Yes, this needs to be backported to a few kernels that have the commit
293649307ef9 ("x86/tsx: Clear CPUID bits when TSX always force aborts").
Once this is reviewed, I will send a separate email to stable@ with the
list of stable kernels.

>> @@ -106,13 +110,11 @@ void __init tsx_init(void)
>>  	int ret;
>>
>>  	/*
>> -	 * Hardware will always abort a TSX transaction if both CPUID bits
>> -	 * RTM_ALWAYS_ABORT and TSX_FORCE_ABORT are set. In this case, it is
>> -	 * better not to enumerate CPUID.RTM and CPUID.HLE bits. Clear them
>> -	 * here.
>> +	 * Hardware will always abort a TSX transaction when CPUID
>> +	 * RTM_ALWAYS_ABORT is set. In this case, it is better not to enumerate
>> +	 * CPUID.RTM and CPUID.HLE bits. Clear them here.
>>  	 */
>> -	if (boot_cpu_has(X86_FEATURE_RTM_ALWAYS_ABORT) &&
>> -	    boot_cpu_has(X86_FEATURE_TSX_FORCE_ABORT)) {
>> +	if (boot_cpu_has(X86_FEATURE_RTM_ALWAYS_ABORT)) {
>
>So you test here X86_FEATURE_RTM_ALWAYS_ABORT and tsx_clear_cpuid()
>tests it again. Simplify I guess.

X86_FEATURE_RTM_ALWAYS_ABORT is the precondition for
MSR_TFA_TSX_CPUID_CLEAR bit to exist. For current callers of
tsx_clear_cpuid() this condition is met, and test for
X86_FEATURE_RTM_ALWAYS_ABORT can be removed. But, all the future callers
must also have this check, otherwise the MSR write will fault. 

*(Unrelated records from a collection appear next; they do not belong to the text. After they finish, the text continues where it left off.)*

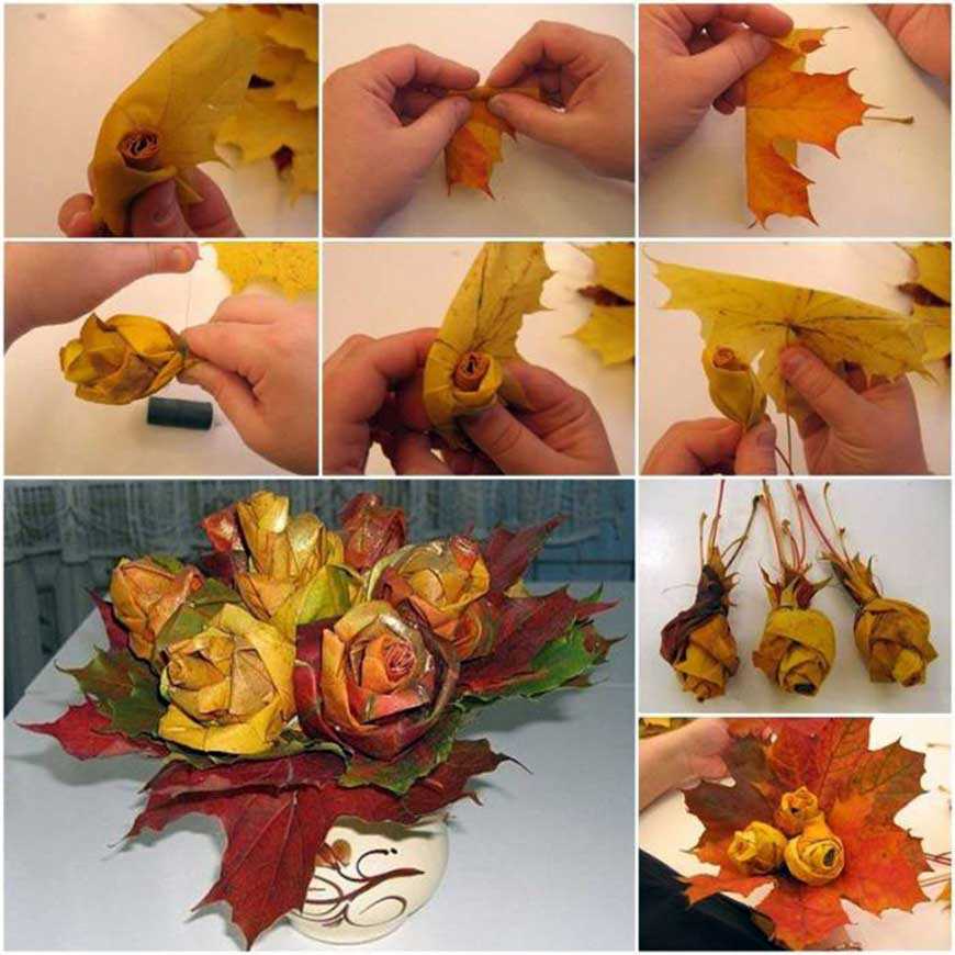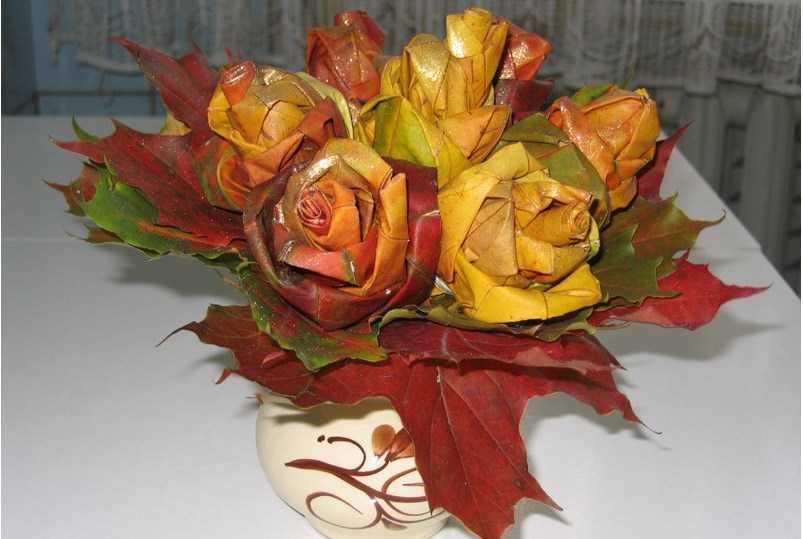 Можно сделать букет легких цветов из листьев. Красиво получаются розочки. Для этого следует собирать желтые, оранжевые или красные листья, которые еще не полностью засохли. Из них аккуратно скручиваются цветы.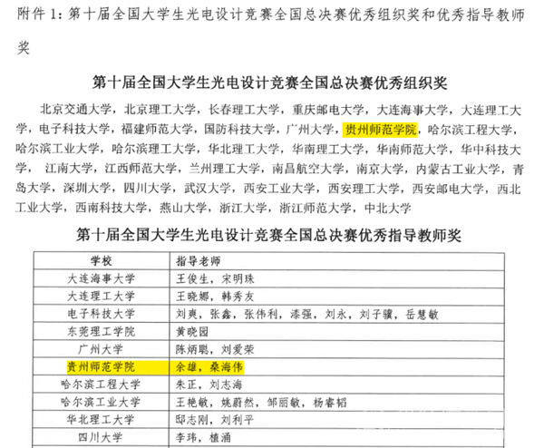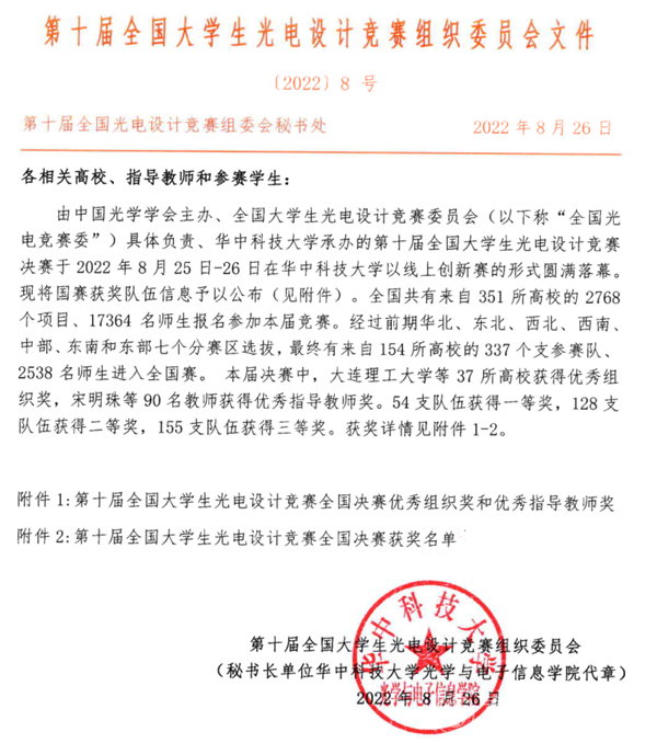 2022年8月25日-26日,第十届全国大学生光电设计竞赛决赛在华中科技大学以线上创新赛的形式圆满落幕。在本次决赛中,我校荣获第十届全国大学生光电设计竞赛全国总决赛优秀组织奖。我校参赛队伍在比赛中积极发扬师院精神和创新精神,努力拼搏,最终获得国赛一等奖1项,国赛二等奖3项,国赛三等奖2项,优秀指导教师奖1项,取得全国大学生光电设计竞赛有史以来的最佳成绩。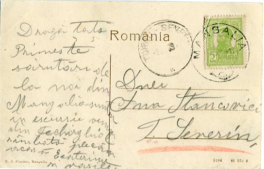 Romania: 1913 postcard titled ‘Vederea Geamiei-Mangalia’ (ed. E.J. Comino) to Turnu Severin franked with 5b and tied by Mangalia datestamp and arrival cds.

>>  		tsx_ctrl_state = TSX_CTRL_RTM_ALWAYS_ABORT;
>>  		tsx_clear_cpuid();
>>  		setup_clear_cpu_cap(X86_FEATURE_RTM);
>
>Also, here you clear X86_FEATURE_RTM and X86_FEATURE_HLE but the other
>caller of tsx_clear_cpuid() - init_intel() - doesn't clear those bits.
>Why?

Calling setup_clear_cpu_cap() by boot CPU is sufficient to clear these
bits for secondary CPUs. Moreover, init_intel() is also called during
cpu hotplug, clearing cached CPUID bits will not be safe after boot.

>IOW, can we concentrate the whole tsx_clear_cpuid() logic inside it and
>have callers only call it unconditionally. Then the decision whether
>to disable TSX and clear bits will happen all solely in that function
>instead of being spread around the boot code and being inconsistent.

There are certain cases where this will leave the system in an
inconsistent state, for example smt toggle after a late microcode update
that adds CPUID.RTM_ALWAYS_ABORT=1. During an smt toggle, if we
unconditionally clear CPUID.RTM and CPUID.HLE in init_intel(), half of
the CPUs will report TSX feature and other half will not.

Thanks,
Pawan
Re: [PATCH] x86/tsx: Use MSR_TSX_CTRL to clear CPUID bits
Posted by Borislav Petkov 4 years, 4 months ago
On Mon, Feb 14, 2022 at 02:41:21PM -0800, Pawan Gupta wrote:
> Yes, this needs to be backported to a few kernels that have the commit
> 293649307ef9 ("x86/tsx: Clear CPUID bits when TSX always force aborts").
> Once this is reviewed, I will send a separate email to stable@ with the
> list of stable kernels.

You don't have to send a separate email - CC: stable and the Fixes tag
is enough for a patch to be picked up by the stable folks.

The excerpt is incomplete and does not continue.